Kondisi ini menjadi perhatian Dinas Perumahan dan Pemukiman (Disperkim) Kota Banjarmasin. Pasalnya akan berdampak rencana normalisasi sungai.
Kepala Disperkim Banjarmasin, Chandra menyebut mayoritas bangunan di atas bantaran ini bahkan berkembang tak beraturan. Terutama di kawasan yang tergolong kumuh. Mayoritas di Kecamatan Banjarmasin Selatan.
“Di sana ada Pemurus Dalam, Kelayan, yang memang padat penduduk. Tapi di Banjarmasin Utara juga ada seperti Kuin dan Alalak,” terangnya, Selasa (6/1/2025).
“Dia mengatakan, penanganan dan pengurangan kawasan kumuh di Banjarmasin terus dilakukan sejak 2022, melalui Bidang Permukiman, termasuk berkolaborasi dengan pemerintah provinsi dan pusat.
“Surat ketetapan tahun 2022 mencatat kawasan kumuh sekitar 508 hektare. Target penanganan 65 hektare pertahun. Saat ini sudah tertangani sekitar 210 hektare hingga 2025,” sebutnya.

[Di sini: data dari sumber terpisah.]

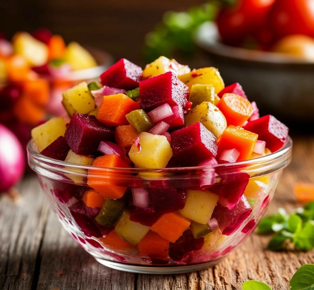 Винегрет – это простой, но очень вкусный и полезный салат из отварных овощей, который является частью русской и украинской кухни. Его название происходит от французского слова “vinaigrette”, обозначающего заправку на основе уксуса и растительного масла. Винегрет – это не просто салат, это яркое воспоминание о детстве, о бабушкиной кухне, о теплых семейных ужинах. В нем сочетаются простые, доступные ингредиенты, которые вместе создают неповторимую гармонию вкусов. Предлагаем вам классический рецепт винегрета, который можно легко приготовить дома.

Ia menegaskan, penanganan kawasan kumuh masih tersisa 298 hektare, dengan target penanganan dalam kurun waktu empan tahun ke depan.
Perihal rumah yang menjorok ke sungai, dia mengatakan sosialisasi terus dilakukan agar masyarakat tak menambah yang akan menghambat program normalisasi.
“Kami harap masyarakat bisa mematuhi. Karena akan menyulitkan normalisasi sungai,” tegasnya.
“Pembenahan infrastruktur tak beratur dikatakannya terus diupayakan. Selain itu, perbaikan akses jalan hingga sanitasi tidak layak turut didorong.